The energetic sophomore came up with the idea in 2008, when a closet clean-out turned up a bunch of costumes she'd outgrown. Her mom, Ilyse, challenged the then 11-year-old to figure out a way to do good with the castoffs. Emma suggested giving them to needy kids, and they reached out to local community service organizations. Next, she and her mom set up a collection through donation boxes in local churches, synagogues and businesses.
A few nights before Halloween, they brought the 2,000 costumes they'd collected to an event held at the Greater Norristown Police Athletic League and gave them out to hundreds of families.

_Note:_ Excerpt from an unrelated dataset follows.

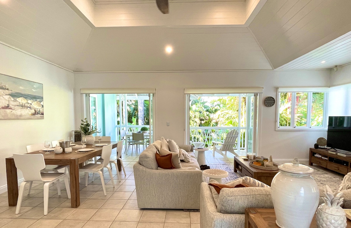 Absolute beachfront property on the world famous Four Mile Beach, Port Douglas. Stunning two bedroom beachfront cottage. A truly unique experience. Sit and view the world pass by on Four Mile Beach from your front deck. Watch the kitesurfing and standup paddle boarding from your living room. Step from your veranda onto the sand. Full kitchen with oven, stove, microwave. Unlimited hi-speed wifi. Netflix. Stunning 55 inch Samsung Frame TV. You will love your stay here.

The little charity took off. "It just started snowballing," says Ilyse, 50, who works in marketing and public relations. "Those were the two most amazing nights of our lives."
The nonprofit accepts new or gently used (non-gory and non-adult-themed) costumes of any size, for any age. Ranging from Darth Vaders to princesses to Buzz Lightyears, they come from companies like the Cartoon Network as well as individual donors. Last year, The Halloween Helpers extended its reach beyond Philly, sending donations to places like The Children's Museum of Phoenix and the Long Island Women's Empowerment Network.
Latisha Brown-Swans, a coordinator at Lutheran Settlement House's Jane Addams Place (which provides housing and services to homeless women and their kids in Philadelphia), says the charity has helped children there for the past few years. Delighted kids dress up for shelter parties, dancing to Michael Jackson's "Thriller," and sometimes trick-or-treat outside. Mom Gwendolyn Hagen's recent stay was over Halloween, and her son Isaiah, 12, was thrilled to receive a Ghostface get-up (based on the movie Scream). "He was very grateful," says Gwendolyn.
More to Come
The all-volunteer charity has helped nearly 5,500 children, collecting between 1,000 and 1,500 costumes annually. Now that Emma is pursuing her degree, Ilyse runs the day-to-day operations. However, Emma hopes to start collecting in her college town of Pittsburgh. "It's so much more than just dressing up for Halloween," says Emma. "It's about developing self-worth and being able to participate in a fun community ritual."